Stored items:
◆ ◆ ◆ ◆

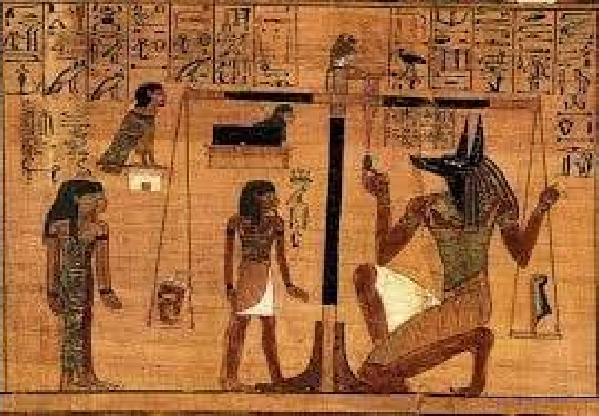
انوبيس اله الموت يقوم بطقوس الموت امام اوزوريس
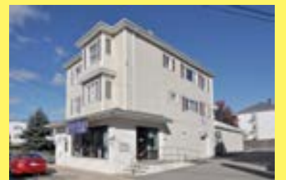
Comercial/2famílias NORTH FALL RIVER $279.900
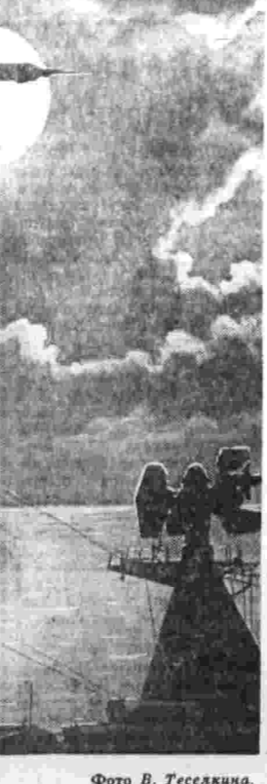
Утро Нового года.

С. ПАСТУХОВ (Корр. «Правды»), Хабаровский край.
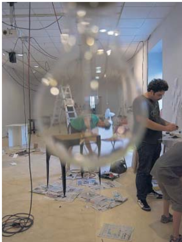
INSTALACIÓN. Está llena de bombillas que operan como neuronas.

tes que los responsables de van Dyck, como viene siendo habitual en estas exposiciones conmemorativas, rotarán durante las semanas que dure la exposición, alternando periódicamente el contenido de las obras expuestas.
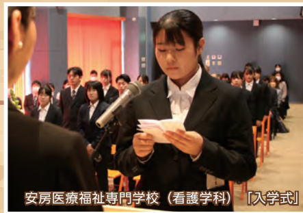
安房医療福祉専門学校(看護学科) [入学式]
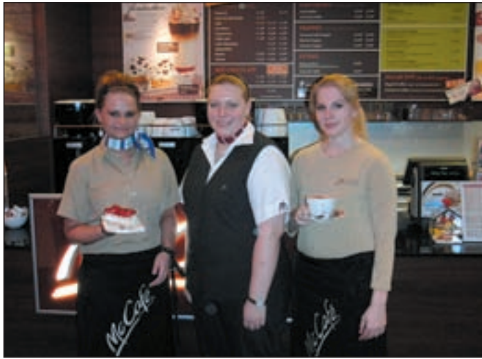
Das neue Kaffeeerlebnis für sich entdecken!

(ak) HARBURG. Das können jetzt auch die Gäste im McDonald's Restaurant in der Stader Straße, an der Autobahnabfahrt Heimfeld. Am Freitag, den 13. November, öffnete das umgebaute Restaurant mit „McCafé“ seine Türen in der Stader Straße 256, in Heimfeld. Die Genießerlounge lädt ein zu vielfältigen Kaffee-Spezialitäten und Snacks in netter Atmosphäre
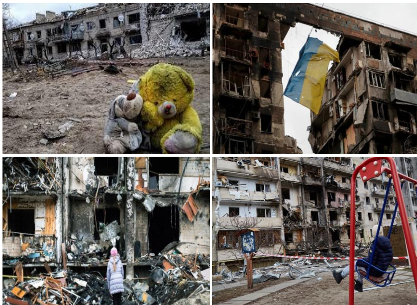
Рис. 18. Наслідки збройних обстрілів України

ракетами наземного, повітряного, надводного і підводного базування, ракетними системами залпового вогню, артилерією і авіацією не лише військових об'єктів, а й житлових кварталів, дитячих садочків, закладів освіти, лікарень та об'єктів критичної інфраструктури. Наприклад, російські фашисти 10 жовтня 2022 р. здійснили масований удар ракетами і дронами по критичній інфраструктурі населених пунктів по всій території України, випустивши в короткий період 83 ракети. Наслідки цього масованого удару були жахливими, але силами підрозділів ДСНС України вдалось у цілому їх ліквідувати та відновити забезпечення населенню насамперед електроенергії, води і газу. В цей час фахівці з НС здійснювали ліквідаційні заходи в дуже складних екстремальних умовах, часто під вогнем противника, на замінованих територіях і об'єктах, в яких існувала небезпека подальших руйнувань, вибухів і завалів, витоків небезпечних речовин тощо.

◆ ◆ ◆ ◆

Leave out the pictures and output the rest of the records exactly.

انوبيس اله الموت يقوم بطقوس الموت امام اوزوريس
Comercial/2famílias NORTH FALL RIVER $279.900
Утро Нового года.

С. ПАСТУХОВ (Корр. «Правды»), Хабаровский край.
INSTALACIÓN. Está llena de bombillas que operan como neuronas.

tes que los responsables de van Dyck, como viene siendo habitual en estas exposiciones conmemorativas, rotarán durante las semanas que dure la exposición, alternando periódicamente el contenido de las obras expuestas.
安房医療福祉専門学校(看護学科) [入学式]
Das neue Kaffeeerlebnis für sich entdecken!

(ak) HARBURG. Das können jetzt auch die Gäste im McDonald's Restaurant in der Stader Straße, an der Autobahnabfahrt Heimfeld. Am Freitag, den 13. November, öffnete das umgebaute Restaurant mit „McCafé“ seine Türen in der Stader Straße 256, in Heimfeld. Die Genießerlounge lädt ein zu vielfältigen Kaffee-Spezialitäten und Snacks in netter Atmosphäre
Рис. 18. Наслідки збройних обстрілів України

ракетами наземного, повітряного, надводного і підводного базування, ракетними системами залпового вогню, артилерією і авіацією не лише військових об'єктів, а й житлових кварталів, дитячих садочків, закладів освіти, лікарень та об'єктів критичної інфраструктури. Наприклад, російські фашисти 10 жовтня 2022 р. здійснили масований удар ракетами і дронами по критичній інфраструктурі населених пунктів по всій території України, випустивши в короткий період 83 ракети. Наслідки цього масованого удару були жахливими, але силами підрозділів ДСНС України вдалось у цілому їх ліквідувати та відновити забезпечення населенню насамперед електроенергії, води і газу. В цей час фахівці з НС здійснювали ліквідаційні заходи в дуже складних екстремальних умовах, часто під вогнем противника, на замінованих територіях і об'єктах, в яких існувала небезпека подальших руйнувань, вибухів і завалів, витоків небезпечних речовин тощо.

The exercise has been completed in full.